One thought on “Rust and GObject”

  1. Adding object-oriented mechanisms to Rust would be a disaster. The OOP paradigm itself causes issues like rampant cache misses and code redundancy, requiring ever-increasing cache sizes to attain reasonable performance. Instead, what Rust is currently doing with a data-oriented design is much more efficient, and you can still accomplish everything that you’re doing with OOP, but with increased flexibility. You simply have to learn how to accomplish the tasks using a protocol/trait-oriented approach, which provides ad-hoc polymorphism. Signals, for example, can be achieved by having your method/function take another function as the input argument.

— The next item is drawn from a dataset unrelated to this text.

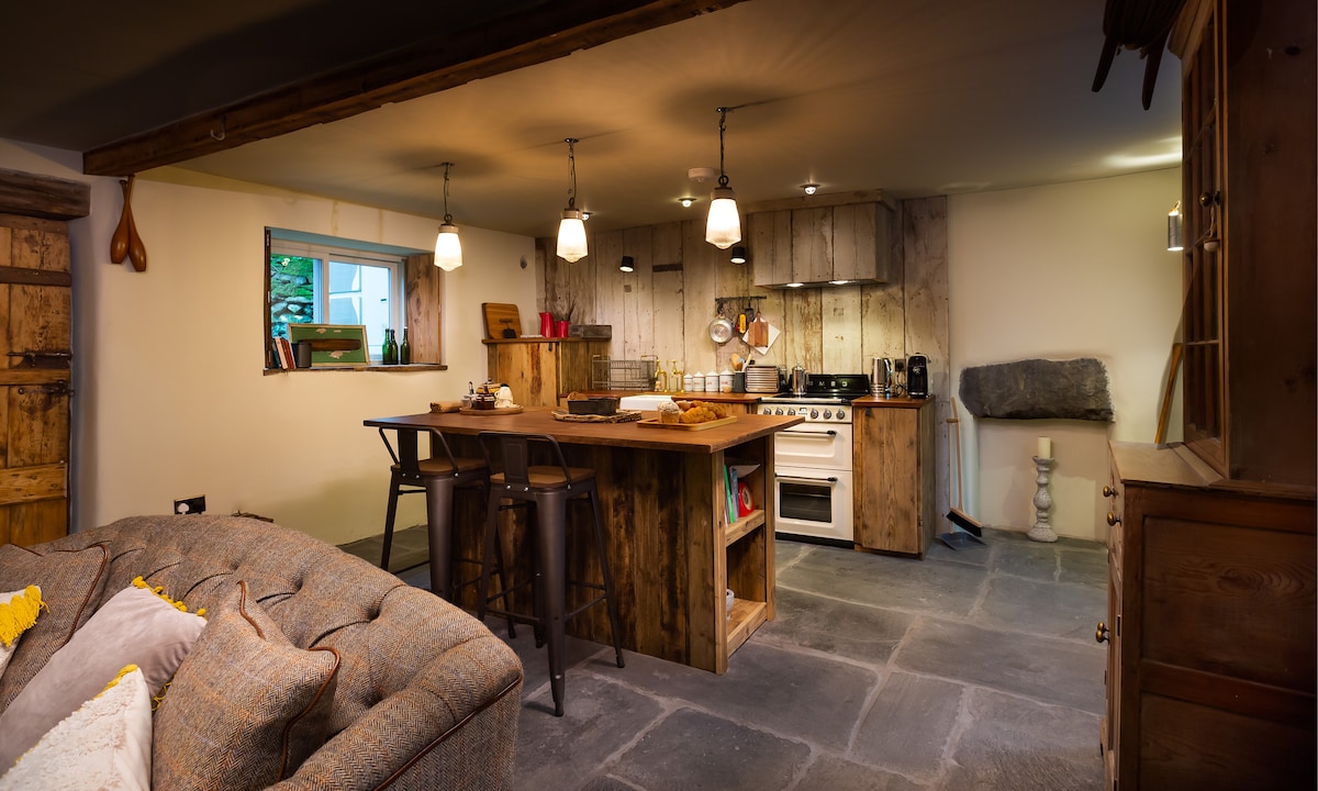 Romantična, elegantna in udobna hiška na deželi za dva v čudovitem narodnem parku Lake District, pol milje od obale jezera Windermere in 20 minut vožnje od križišča 36 M6. Prijazni smo do psov. Naša 250 let stara hiška na deželi ima sodobno rustikalno dekoracijo, ogrevanje u/f, gorilnik za hlode, izjemno hiter internet, pametno televizijo, zvočni sistem Sonos in brezplačen polnilnik za električna vozila podPoint 7kw. Od vhodnih vrat je na voljo veliko čudovitih sprehodov in koles. Prenočišča se začnejo ob ponedeljkih ali petkih.

    If you can write something in C, you can also write something in Rust. What you’re looking for specifically is not related to Rust but access to GNOME-specific APIs on Rust. This can be done either by utilizing an existing binding, improving upon existing bindings, or by simply importing the C libraries and using the functions and data structures that you want via the FFI. If you want to export your Rust library to other languages, then you can just export a C ABI for your public functions. Existing bindings may be lacking for Rust simply because there hasn’t been much want or need for them, as it’s largely exclusive to GNOME developers.

    As for delegating C to raw operations, C is no more relevant for raw operations than Rust, which is capable of achieving the same low level raw operations that you can do with C, and to an extent even lower level than C as it integrates directly with LLVM primitives. You may check out the #[no_std] section of Rust, for example, which is lower level than C itself.